### INSTRUCTIONS FOR THE TASK
Your job is to retype all of the data word for word, leaving every image out.

### INPUT DATA
□ □ □ □

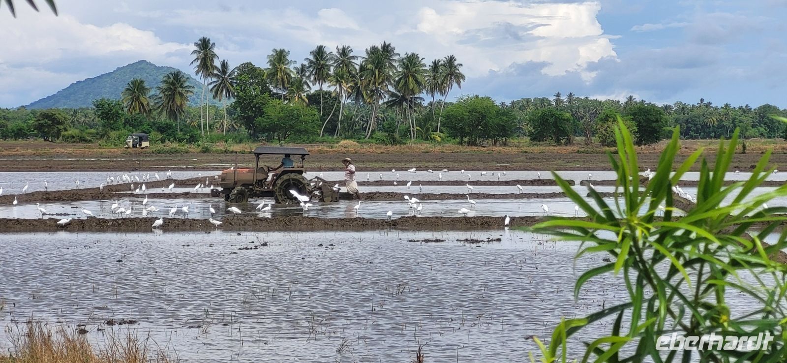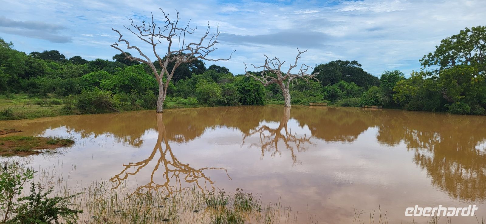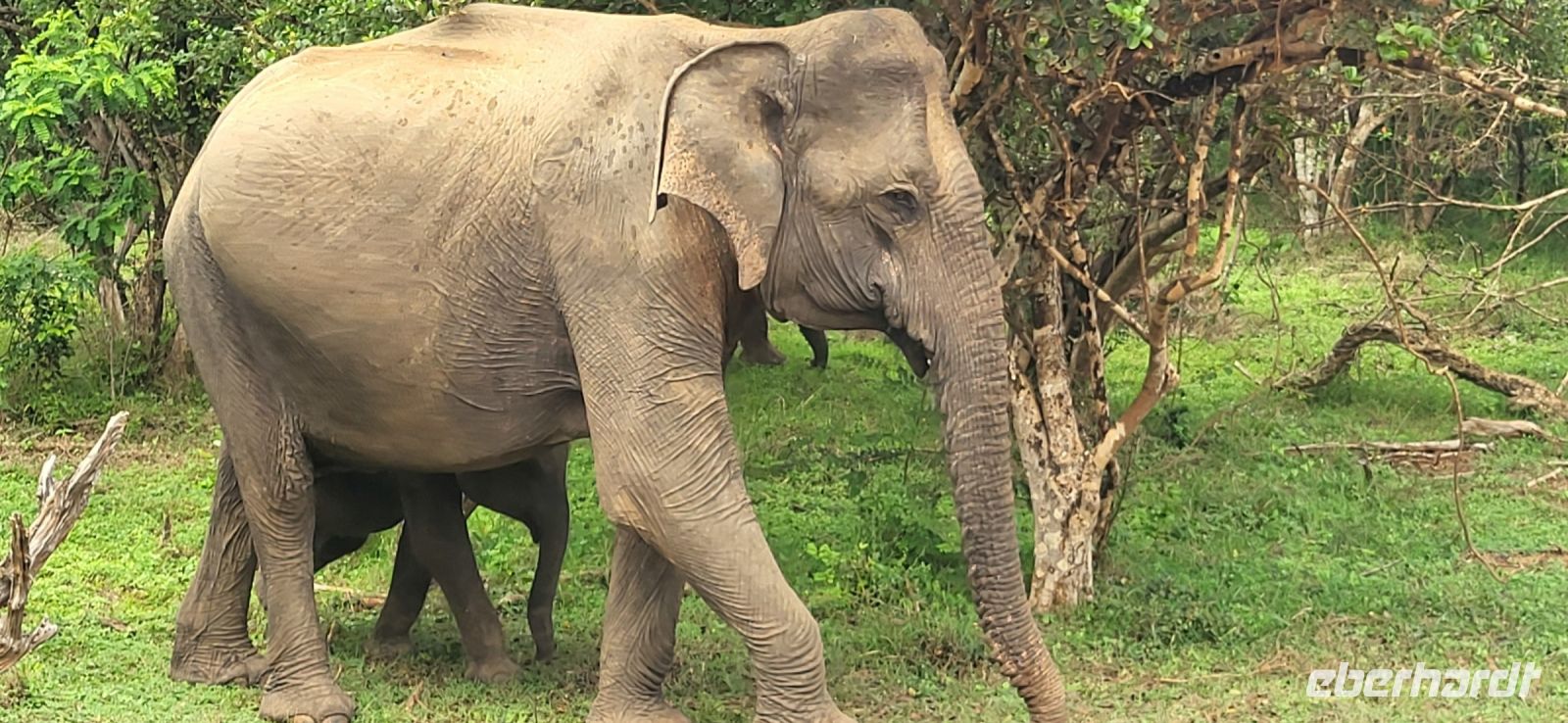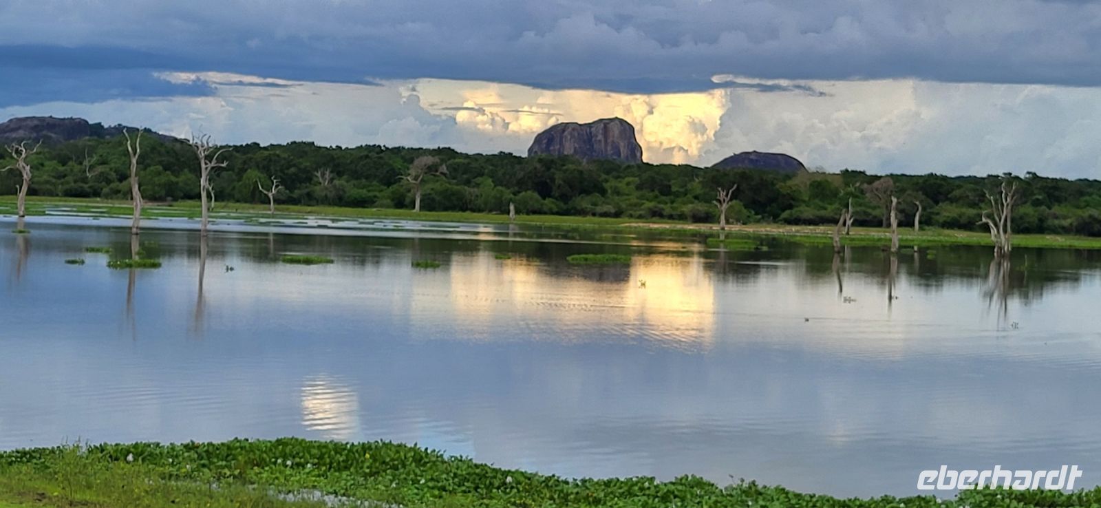 Um eben genau dieses Mal nicht vor den Hühnern aufzustehen, entscheiden wir uns für einen freien Vormittag und eine Nachmittagssafari im Yala Nationalpark. Dieser 1500 km² und älteste Nationalpark des Landes wurde 1937 gegründet. Der Yala Park ist sehr weitläufig, misst 98.000 Hektar und ist in fünf Abschnitte eingeteilt. Von diesen sind nur Abschnitt eins und zwei für Safaris freigegeben, der Rest ist Naturschutzgebiet für die Tiere und den Forschern vorbehalten. Dank Bonnys guter Planung sind wir die ersten Jeeps am Eingang und warten geduldig, bis dieser um 14.00 Uhr seine Pforten öffnet. Anders als anderswo auf der Welt gibt es hier eine Mittagspause von 12 bis 14 Uhr, in der keine Fahrzeuge im Park unterwegs sein dürfen. Am Nachmittag bekommen wir einige Tiere zu sehen, zu denen Buntstörche, Ibisse, Büffel, Bienenfresser, Pelikane, Warane, Tukane, Kampfadler, Mungos, Krokodile und Wildschweine zählen. Heute sehen wir ebenso etliche Elefanten, darunter Mütter mit Jungtieren und kleinere Herden. Wir genießen die herrliche Natur, Farben und Eindrücke und lassen diese auf uns wirken. Nach einer sehr erfolgreichen Safari kehren wir in unsere schöne Unterkunft zurück. Abends erfolgt neben einem kräftigen Gewitter ein weiteres Abendessen und wir sind immer wieder aufs Neue erstaunt, wie vielfältig die Küche Sri Lankas ist.
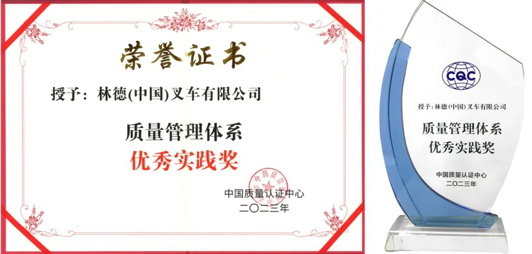 中国质量认证中心于2023年组织了全国范围内首届“质量管理体系优秀实践奖“的评选,经过激烈的竞争,行业专家的评审,林德(中国)叉车有限公司从3万多家单位中脱颖而出,荣获的“2023年度质量管理体系优秀实践奖”称号。目前,全国仅20家企业获此殊荣,这一荣誉是对林德(中国)一贯卓越的质量管理、强大的制造体系和出众的产品品质的高度肯定。
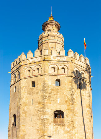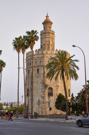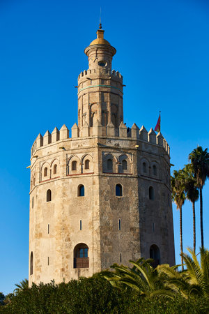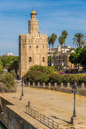SEVILLE, SPAIN - OCTOBER 1, 2019: Torre del Oro (Golden Tower) is a Moorish tower on the bank of Guadalquivir river is one of the main tourist landmarks of the city, on October 1 in Seville

□ □ □ □

### ANSWER TO THIS PROBLEM
 Um eben genau dieses Mal nicht vor den Hühnern aufzustehen, entscheiden wir uns für einen freien Vormittag und eine Nachmittagssafari im Yala Nationalpark. Dieser 1500 km² und älteste Nationalpark des Landes wurde 1937 gegründet. Der Yala Park ist sehr weitläufig, misst 98.000 Hektar und ist in fünf Abschnitte eingeteilt. Von diesen sind nur Abschnitt eins und zwei für Safaris freigegeben, der Rest ist Naturschutzgebiet für die Tiere und den Forschern vorbehalten. Dank Bonnys guter Planung sind wir die ersten Jeeps am Eingang und warten geduldig, bis dieser um 14.00 Uhr seine Pforten öffnet. Anders als anderswo auf der Welt gibt es hier eine Mittagspause von 12 bis 14 Uhr, in der keine Fahrzeuge im Park unterwegs sein dürfen. Am Nachmittag bekommen wir einige Tiere zu sehen, zu denen Buntstörche, Ibisse, Büffel, Bienenfresser, Pelikane, Warane, Tukane, Kampfadler, Mungos, Krokodile und Wildschweine zählen. Heute sehen wir ebenso etliche Elefanten, darunter Mütter mit Jungtieren und kleinere Herden. Wir genießen die herrliche Natur, Farben und Eindrücke und lassen diese auf uns wirken. Nach einer sehr erfolgreichen Safari kehren wir in unsere schöne Unterkunft zurück. Abends erfolgt neben einem kräftigen Gewitter ein weiteres Abendessen und wir sind immer wieder aufs Neue erstaunt, wie vielfältig die Küche Sri Lankas ist.
 中国质量认证中心于2023年组织了全国范围内首届“质量管理体系优秀实践奖“的评选,经过激烈的竞争,行业专家的评审,林德(中国)叉车有限公司从3万多家单位中脱颖而出,荣获的“2023年度质量管理体系优秀实践奖”称号。目前,全国仅20家企业获此殊荣,这一荣誉是对林德(中国)一贯卓越的质量管理、强大的制造体系和出众的产品品质的高度肯定。
SEVILLE, SPAIN - OCTOBER 1, 2019: Torre del Oro (Golden Tower) is a Moorish tower on the bank of Guadalquivir river is one of the main tourist landmarks of the city, on October 1 in Seville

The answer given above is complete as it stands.